**What you need to do**
The expected output is every line of the data exactly as shown, minus the images.

**Data section**
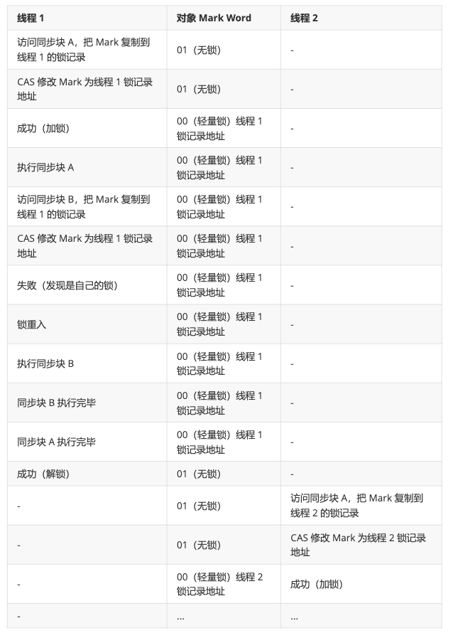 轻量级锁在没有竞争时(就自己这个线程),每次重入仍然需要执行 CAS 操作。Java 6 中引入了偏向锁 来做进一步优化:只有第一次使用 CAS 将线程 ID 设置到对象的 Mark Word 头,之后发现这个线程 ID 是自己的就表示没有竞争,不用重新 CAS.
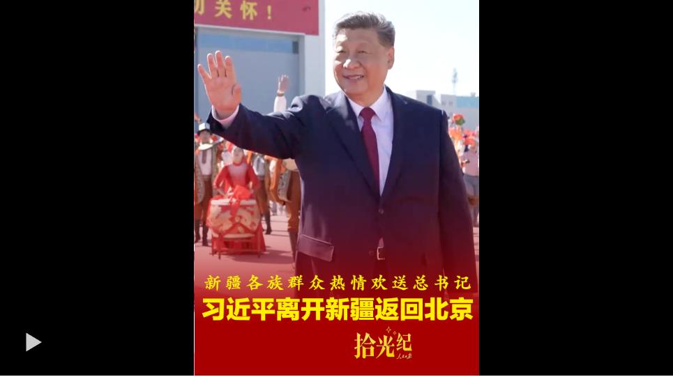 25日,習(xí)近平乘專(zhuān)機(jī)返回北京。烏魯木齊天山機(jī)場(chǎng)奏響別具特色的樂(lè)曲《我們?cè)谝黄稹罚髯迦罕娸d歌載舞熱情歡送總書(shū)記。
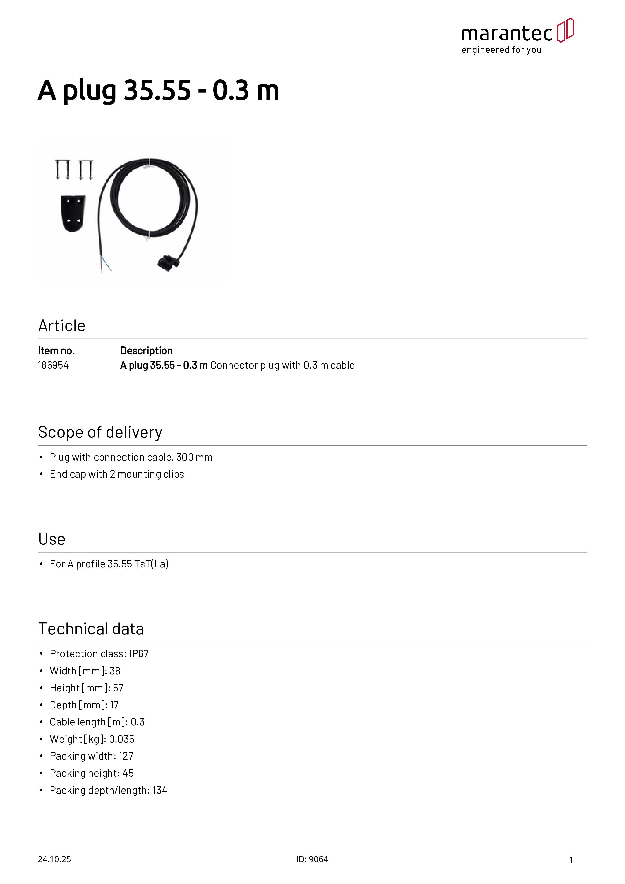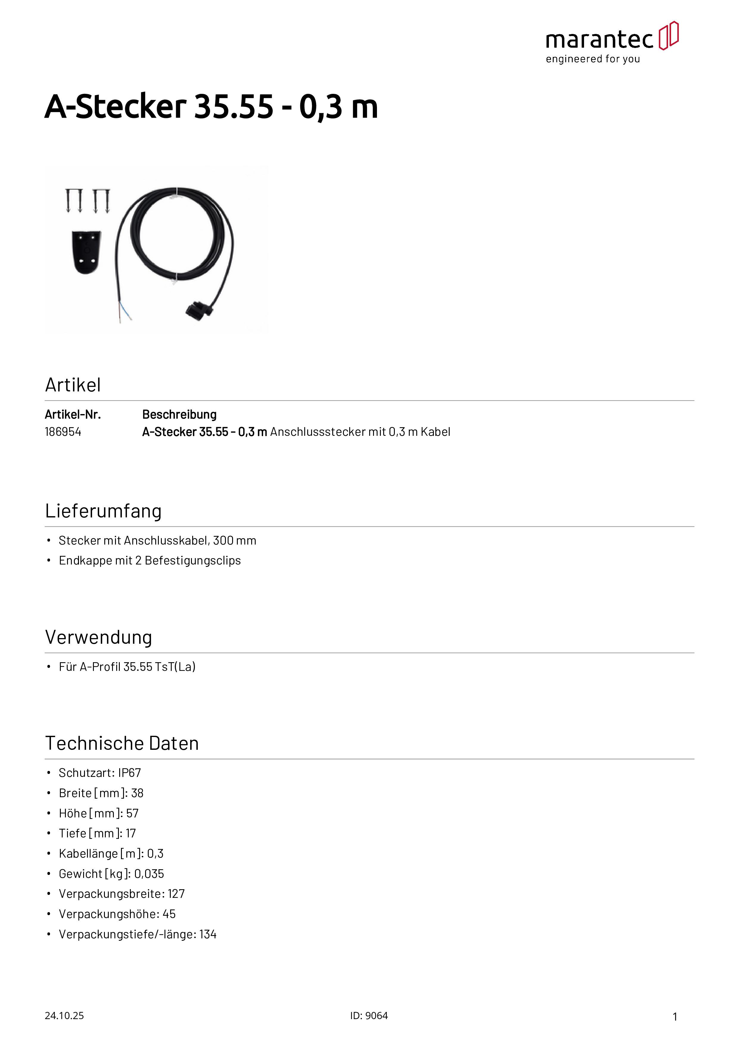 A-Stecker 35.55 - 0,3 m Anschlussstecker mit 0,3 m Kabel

**Exercise response**
 轻量级锁在没有竞争时(就自己这个线程),每次重入仍然需要执行 CAS 操作。Java 6 中引入了偏向锁 来做进一步优化:只有第一次使用 CAS 将线程 ID 设置到对象的 Mark Word 头,之后发现这个线程 ID 是自己的就表示没有竞争,不用重新 CAS.
 25日,習(xí)近平乘專(zhuān)機(jī)返回北京。烏魯木齊天山機(jī)場(chǎng)奏響別具特色的樂(lè)曲《我們?cè)谝黄稹罚髯迦罕娸d歌載舞熱情歡送總書(shū)記。
 A-Stecker 35.55 - 0,3 m Anschlussstecker mit 0,3 m Kabel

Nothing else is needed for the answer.